I only explained the process to highlight the difficulty of making it happen. The OS cannot, on its own, convert a file of any type into a PDF. The program designed to manipulate the file would have to do that.
The OS doesn't necessarily read and write text. It hands that off to a process that can handle it. Whether that is an app or a background process, it still must be rastered into printer commands. It doesn't send a capital "W", then a lowercase "h" followed by a lowercase "y" to the printer. It would have no idea what to do with that.
Office came with Automator Actions that would save an Office document to PDF, so those would be possible.
why would it be so difficult to recognise the command as a command in automator or applescript?
Recognize what command? The command to turn it into a PDF? Well, you would have to tell the default program to turn it into a PDF.
When you Print in the Finder, it calls the default program and tells it to print the document. You cannot intercept that print command to push the save as PDF command on top of it.

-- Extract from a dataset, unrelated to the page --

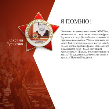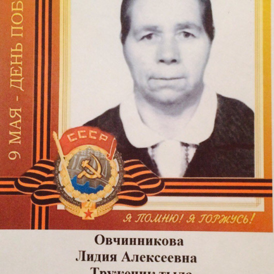 Овчинникова Лидия Алексеевна 1925-2014гг. Из-за инвалидности с детства не попала на фронт. Трудилась в тылу. Не любила вспоминать те страшные годы войны: "Зачем вам знать этот ужас? Знайте всегда солнце и чистое небо!" Только иногда краткие фразы: "Гнилая картошка с замёрзшего поля - было настоящим лакомством...", "Взрывы бомб похожи на гром в аду...", "Тогда дети не делились на своих и чужих..." Помним! Гордимся!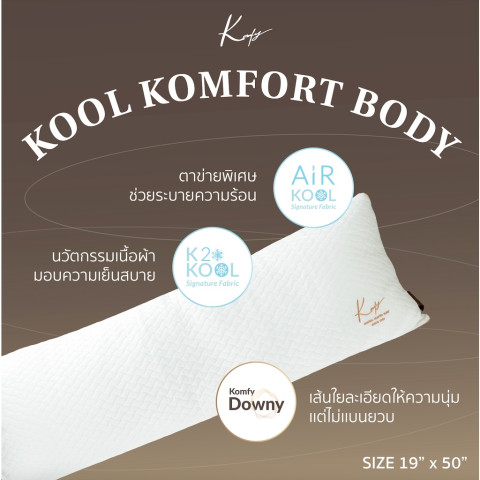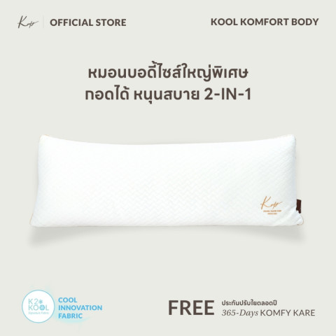 KOMFY หมอนบอดี้ พรีเมี่ยม Kool Komfort Body (5039) ราคา 5,999.00 บาท มอบความสบายระดับไฮเอนด์สำหรับคนรักหมอนข้างตัวใหญ่ ดีไซน์ 2 IN 1 ใช้ได้ทั้ง นอนกอด และ หนุนนอน ในใบเดียว ขนาดจัมโบ้กอดได้เต็มอิ่ม กลิ้งตัวแค่ไหนก็ยังรองรับได้ดี จะนอนเดี่ยวก็ฟิน หรือใช้เป็นหมอนหนุนคู่คนที่คุณรักก็อบอุ่นนุ่มสบายตลอดคืน

Therefore, you would need to create your own commands to tell the specific default program to Print, then use the Save As PDF command. This could be done with UI scripting in AppleScript, or possibly Watch Me Do in Automator, but you would have to parse out which program opens what file type and either tell it to convert to PDF or Print, then click the Save As PDF command.
You can create an Automator Service that gets Files in the Finder, then run your "convert to or print then save as PDF" algorithm. You could give that Service a shortcut. While you may have collected all the underpants, you still need to flesh out Phase 2 in order to Profit.